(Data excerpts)
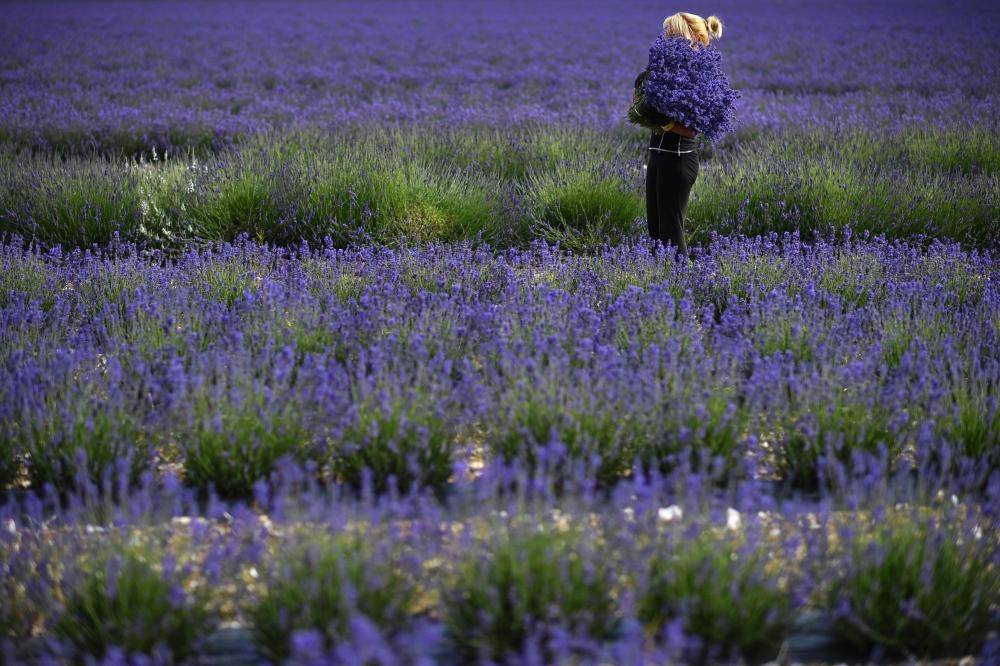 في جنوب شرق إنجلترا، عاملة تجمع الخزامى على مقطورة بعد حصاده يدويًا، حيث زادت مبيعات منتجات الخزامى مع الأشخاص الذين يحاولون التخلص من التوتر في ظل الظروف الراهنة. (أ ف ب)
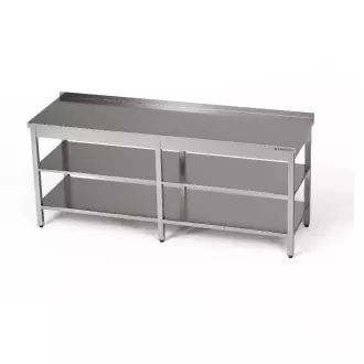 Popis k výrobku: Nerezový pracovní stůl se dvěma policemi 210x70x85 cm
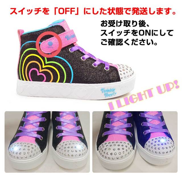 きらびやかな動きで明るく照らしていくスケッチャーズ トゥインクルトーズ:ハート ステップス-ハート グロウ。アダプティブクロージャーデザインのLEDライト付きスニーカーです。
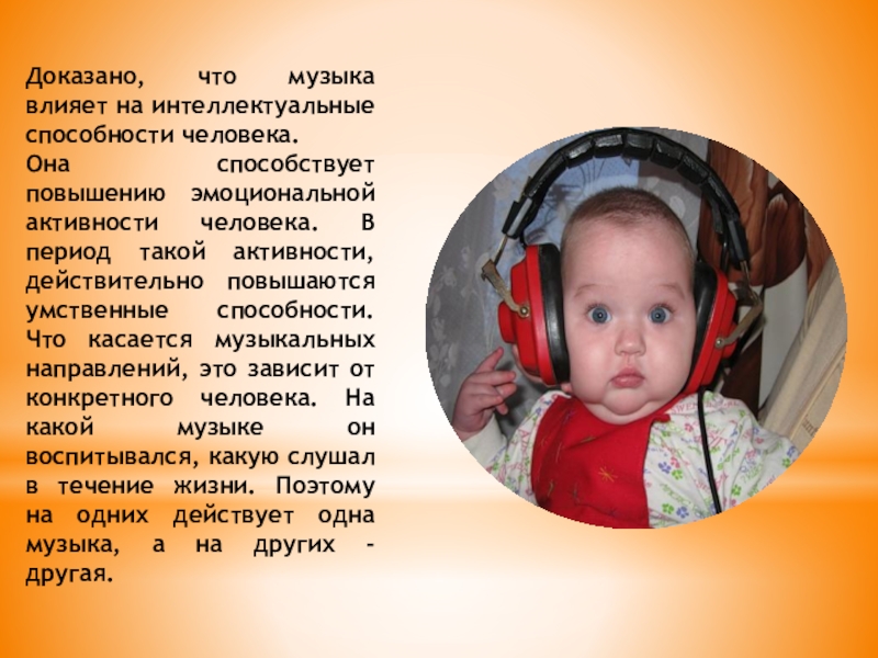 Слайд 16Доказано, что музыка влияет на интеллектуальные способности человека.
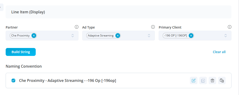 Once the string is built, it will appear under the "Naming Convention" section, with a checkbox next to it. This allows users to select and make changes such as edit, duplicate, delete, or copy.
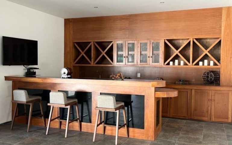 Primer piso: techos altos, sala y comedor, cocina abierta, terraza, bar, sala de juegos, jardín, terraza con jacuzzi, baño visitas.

◆ What is expected ◆
What you should produce is an exact copy of the records, with the pictures left out.

◆ Response box ◆
 في جنوب شرق إنجلترا، عاملة تجمع الخزامى على مقطورة بعد حصاده يدويًا، حيث زادت مبيعات منتجات الخزامى مع الأشخاص الذين يحاولون التخلص من التوتر في ظل الظروف الراهنة. (أ ف ب)
 Popis k výrobku: Nerezový pracovní stůl se dvěma policemi 210x70x85 cm
 きらびやかな動きで明るく照らしていくスケッチャーズ トゥインクルトーズ:ハート ステップス-ハート グロウ。アダプティブクロージャーデザインのLEDライト付きスニーカーです。
 Слайд 16Доказано, что музыка влияет на интеллектуальные способности человека.
 Once the string is built, it will appear under the "Naming Convention" section, with a checkbox next to it. This allows users to select and make changes such as edit, duplicate, delete, or copy.
 Primer piso: techos altos, sala y comedor, cocina abierta, terraza, bar, sala de juegos, jardín, terraza con jacuzzi, baño visitas.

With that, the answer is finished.